Comprende ora settori industriali strategici come la mobilità elettrica, le rinnovabili, settori dove peraltro la Cina già da tempo opera sulla frontiera tecnologica, il che inevitabilmente richiede di agire come una economia pienamente sviluppata, qual è, condividendo anche con i partner le nuove frontiere della conoscenza. Noi rimaniamo un'economia solida, strategicamente posizionata in Europa e nel Mediterraneo. Il livello della ricerca dell'innovazione e la forza del nostro sistema manifatturiero sono da sempre i nostri punti d'eccellenza.

Oggi possiamo vantare anche un'importante stabilità politica che dalle nostre parti è un fatto a volte raro e anche questo è molto importante, perché avere stabilità politica consente di mantenere intatta la strategia, ed è un valore aggiunto per chi riceve gli investimenti e per chi investe in una Nazione.

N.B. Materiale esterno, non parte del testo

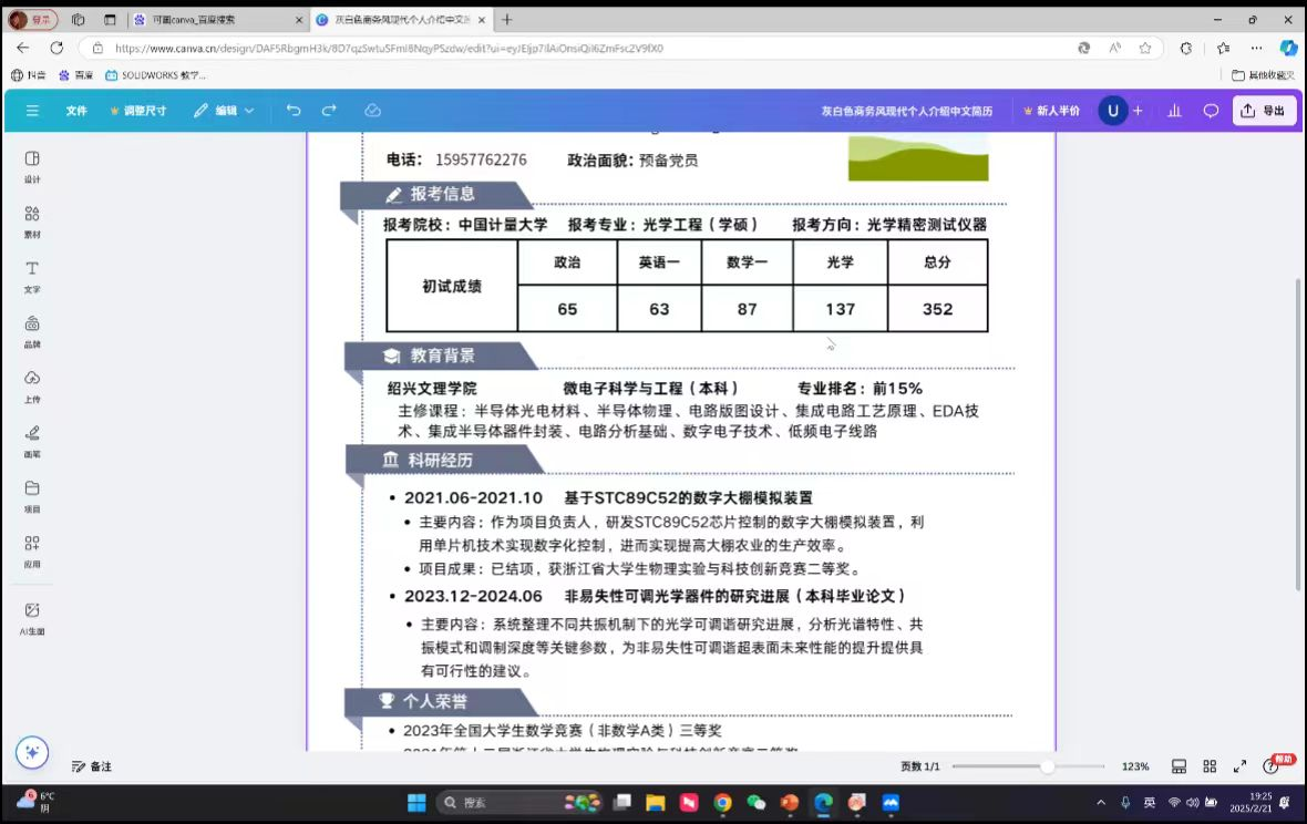 第四位由原微电子(专升本)221班,现就读于中国计量大学光学工程专业的张萧鹏学长展示了自己的简历,提供了一份优秀的模版,从科研经历到个人荣誉都非常完整,激励考研学子更加努力提升自己。

Non voglio dimenticare la valenza economica di un settore strategico come il turismo, che il mio Governo continuerà a sostenere con grande determinazione, e vale la pena ricordare che Italia e Cina, entrambe eredi di un patrimonio culturale straordinario, rivaleggiano in un avvincente testa a testa nella graduatoria del maggior numero di siti che sono patrimonio dell'UNESCO. E quindi, in conclusione e ringraziando ancora tutti, credo che Italia e Cina abbiano ancora molta strada da fare insieme e penso che tocca a noi lastricarne il percorso, con determinazione, con concretezza, e con rispetto reciproco. Grazie a tutti e buon lavoro per quello che produrrete in questo Business Forum.